Amid election official turnover and staff shortages, experts worry elections “could get a little chaotic.”

A man at a lectern holds up two sheets of paper
Pinal County Attorney Kent Volkmer holds both a misprinted ballot and a supplementary ballot containing the municipal races missing from the original. After the county realized the error that affected 60,000 ballots, it produced the second ballot and instructed voters to use both. Volkmer and other county officials explained the ballot error at a press conference in Florence on July 18. (Rachel Leingang / Votebeat)

When David Frisk took over Pinal County’s elections in March after arriving from Washington state, he was the third director on the job in the past two years. He was greeted by a staff of one — in a department that should have had five full-time workers.

So it may not be a shock that four months later, an office recovering from so much turnover would have to confront the fallout of a major ballot-printing problem. Municipal races for seven communities were missing from more than 60,000 primary ballots that went out in early July. Candidates for those local offices cried foul, wondering where their names were. Some voters in the growing county of about a half-million residents southeast of Phoenix cast ballots without noticing.

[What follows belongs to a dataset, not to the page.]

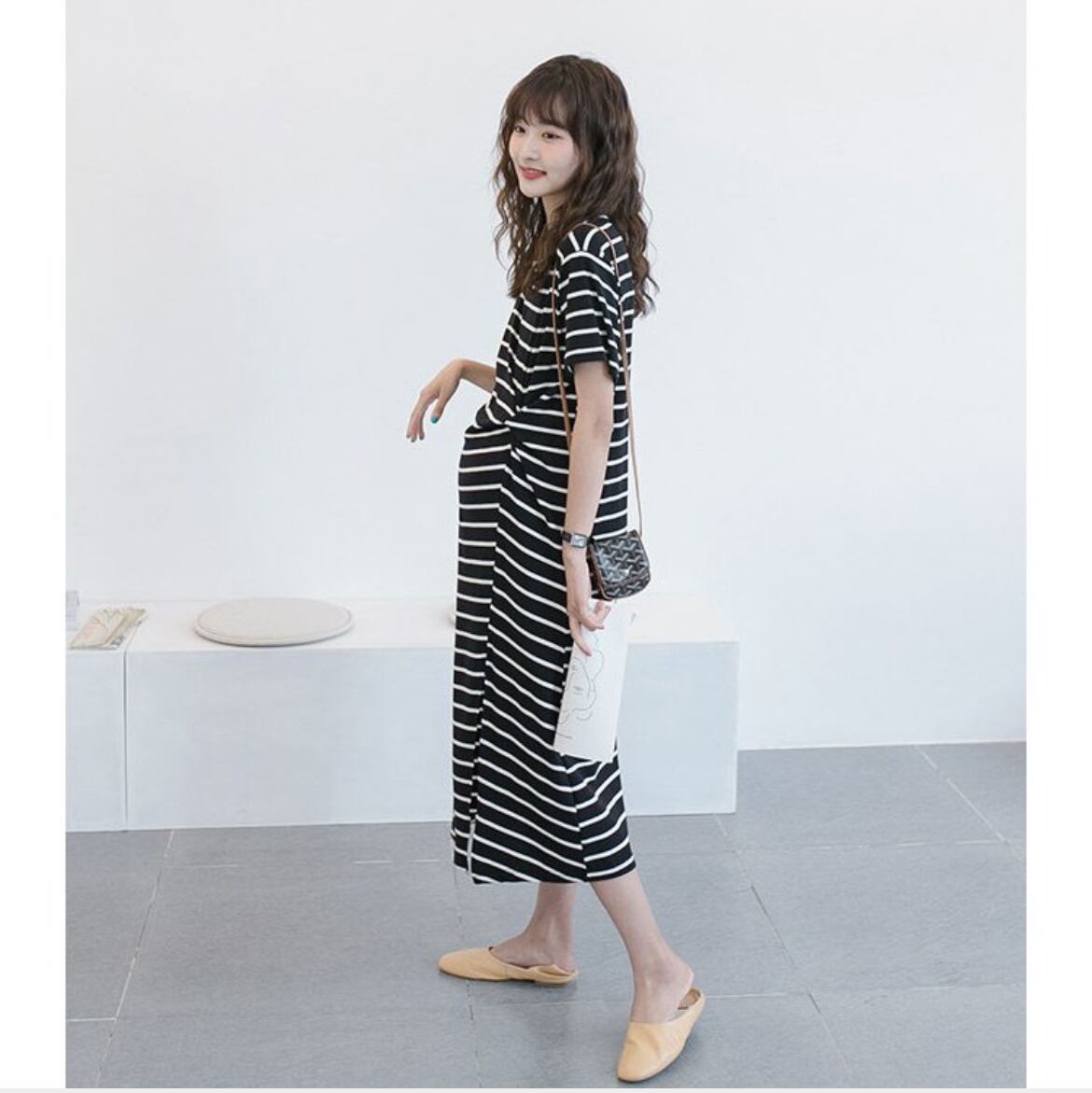 ボーダー柄がポイントで、おしゃれな印象を与えます。ロング丈で体型をカバーし、マタニティ期間中のお腹の変化や体型の変化をうまくカバーリングします。さらに、スタイルアップ効果もあり、妊娠中のママにも自信を与えること間違いありません。

The county has so far declined to give a specific accounting of exactly what went wrong, but officials did say the mistake was caused by a staff member’s programming error, and pre-election processes didn’t catch it. Frisk’s office has since taken extraordinary measures to issue additional early ballots enabling residents to vote in those races.

“I think someone would have caught that who had more experience” in the county’s local elections, said Virginia Ross, the Pinal County recorder, whose office was not responsible for the error but works closely with the elections office and has seen the staff turn over. One director, who served for more than five years, left for a new job in Nevada in late 2020. An interim replacement left for a Texas elections position, creating the opening Frisk filled in March. 

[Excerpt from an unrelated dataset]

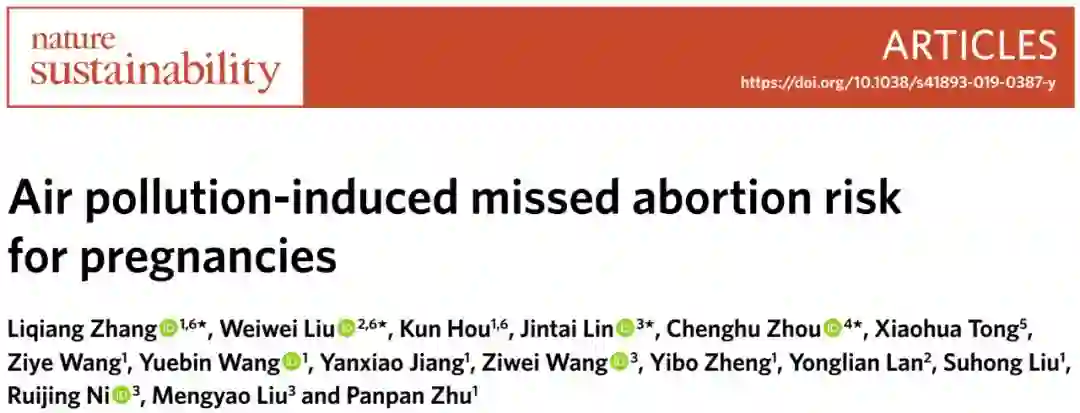 [3]Liqiang Zhang, Weiwei Liu , Kun Hou, et al. Air pollution-induced missed abortion risk for pregnancies. Nature Sustainability, 2019, doi.org/10.1038/s41893-019-0387-y
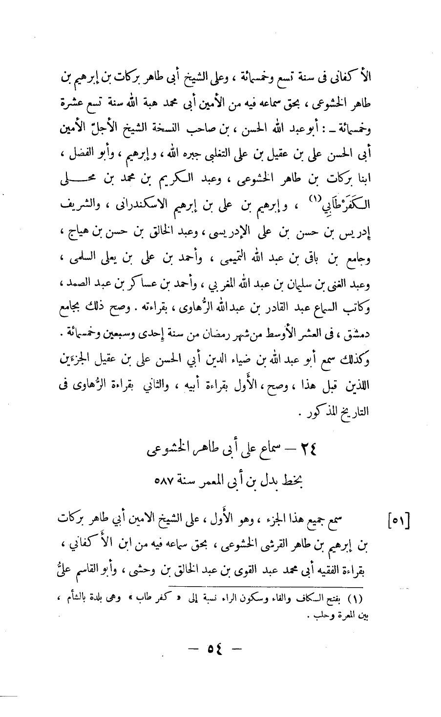 ٢٤ - سماع علي بن أبي طاهر الخشوعي بخط بدل بن أبي المعمر سنة ٥٨٧ سمع جميع هذا الجزء، وهو الاول، على الشيخ الامين أبي طاهر بركات بن إبرهيم بن طاهر القرشي الخشوعي، بحق سماعه فيه من ابن الاكفاني، بقراءة الفقيه أبي محمد عبد القوي بن عبد الخالق بن وحشي، وأبو القاسم علي

And, of course, there were the other staff vacancies. Ross, the Pinal County recorder, said people left elections for better opportunities and pay.

Pinal’s problems could be a sign of what’s to come in the high-stress, high-stakes field of election administration, where human errors certainly happen regardless of experience but where a seasoned elections director and experienced staff have a better chance of noticing, several elections experts and officials told Votebeat.

In Arizona and around the country, it is a time of upheaval in elections, as prominent officials stepped down after disputes over the 2020 election dragged on for years, even in counties where Trump won handily. They cited harassment and threats, spurred by false claims of a stolen election, as part of why they stepped away. 

“I have a feeling that we’re gonna see a lot more attrition, we’re gonna see a lot more flight of knowledge, and that can manifest itself in mistakes, in large mistakes that could not just result in inconveniences for voters,” said Ken Matta, a longtime election security officer at the Arizona Secretary of State’s Office who now works as CIO for Runbeck Election Services. “I believe that it may also result in lawsuits. … It could get a little chaotic.”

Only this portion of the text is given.